Get all rows from the table

for row in table.find_all('tr'): # in html table row is represented by the tag <tr>
    # Get all columns in each row.
    cols = row.find_all('td') # in html a column is represented by the tag <td>
    color_name = cols[2].string # store the value in column 3 as color_name
    color_code = cols[3].string # store the value in column 4 as color_code
    print("{}--->{}".format(color_name,color_code))

Scrape data from HTML tables into a DataFrame using BeautifulSoup and Pandas

import pandas as pd
#The below url contains html tables with data about world population.
url = "https://en.wikipedia.org/wiki/World_population"

get the contents of the webpage in text format and store in a variable called data

data  = requests.get(url).text
soup = BeautifulSoup(data,"html.parser")

find all html tables in the web page

tables = soup.find_all('table') # in html table is represented by the tag <table>

we can see how many tables were found by checking the length of the tables list

len(tables)

Assume that we are looking for the 10 most densly populated countries table, we can look through the tables list and find the right one we are look for based on the data in each table or we can search for the table name if it is in the table but this option might not always work.
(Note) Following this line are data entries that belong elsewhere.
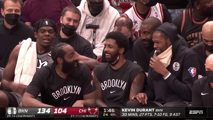 末节还剩1分46秒,镜头给到篮网替补席,杜兰特、哈登和欧文坐在场边开怀大笑,有说有笑聊起来;整个上半场,篮网和公牛打得难分难解,但篮网第三节39-19打爆公牛,期间德罗赞气得怒撕毛巾,末节篮网继续吊打公牛,杜兰特三节打卡下班。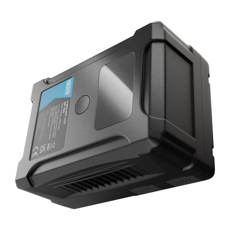 Specification model: Newell BP-150 LCD V-Mount capacity: 10500 mAh (155 Wh) voltage: 14.4 volts Inputs: USB-C (max. 65 watts - Power Delivery) D-Tap (max. 8 A) Outputs: USB-C: 5 V / 3 A, 9 V / 3 A, 12 V / 3 A, 15 V / 3 A, 20 V / 3.25 A (max.) USB-A: 5 V / 3 A, 9 V / 2 A, 12 V / 2 A (max), 4.5 V / 5 A, 5 V / 4.5 A (max) D-Tap: 14.4 V / 14 A (max) Weight: 820 g Kit contents Newell BP-150 LCD V-Mount battery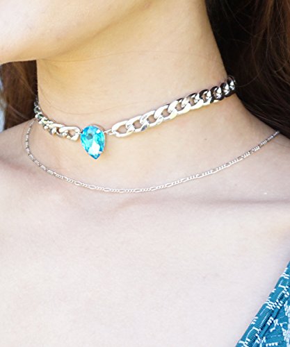 -. Title : Ruby Red Unicorn Tear Choker, Pear Crystal Choker, Curb Chain Teardrop Crystal Choker Necklace, 90s Choker Necklace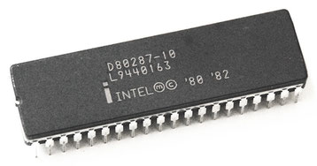 The original Intel 8087 was the only coprocessor available for 8088- and 8086-based PCs. In fact it arrived 2 years before the IBM 5150 even went on the market, but up to that time, initial take-up of the chip had been very low. It came in three versions: 8087-5 (5 MHz), 8087-2 (8 MHz) and 8087-1 (10 MHz).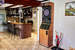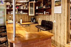 kącik barowy (ok. 5 m2) wyposażony w stylowe stołki barowe (hokery), niezbędne meble i sprzęty (m. in. lodówka, zmywarka),

for index,table in enumerate(tables):
    if ("10 most densely populated countries" in str(table)):
        table_index = index
print(table_index)

See if you can locate the table name of the table, 10 most densly populated countries, below.

print(tables[table_index].prettify())

population_data = pd.DataFrame(columns=["Rank", "Country", "Population", "Area", "Density"])

for row in tables[table_index].tbody.find_all("tr"):
    col = row.find_all("td")
    if (col != []):
        rank = col[0].text
        country = col[1].text
        population = col[2].text.strip()
        area = col[3].text.strip()
        density = col[4].text.strip()
        population_data = population_data.append({"Rank":rank, "Country":country, "Population":population, "Area":area, "Density":density}, ignore_index=True)

population_data

Using the same url, data, soup, and tables object as in the last section we can use the read_html function to create a DataFrame.

Remember the table we need is located in tables[table_index]

We can now use the pandas function read_html and give it the string version of the table as well as the flavor which is the parsing engine bs4.

pd.read_html(str(tables[5]), flavor='bs4')

population_data_read_html = pd.read_html(str(tables[5]), flavor='bs4')[0]

population_data_read_html

Scrape data from HTML tables into a DataFrame using read_html

We can also use the read_html function to directly get DataFrames from a url.

dataframe_list = pd.read_html(url, flavor='bs4')

We can see there are 25 DataFrames just like when we used find_all on the soup object.

len(dataframe_list)

Finally we can pick the DataFrame we need out of the list.

dataframe_list[5]

We can also use the match parameter to select the specific table we want. If the table contains a string matching the text it will be read.

pd.read_html(url, match="10 most densely populated countries", flavor='bs4')[0]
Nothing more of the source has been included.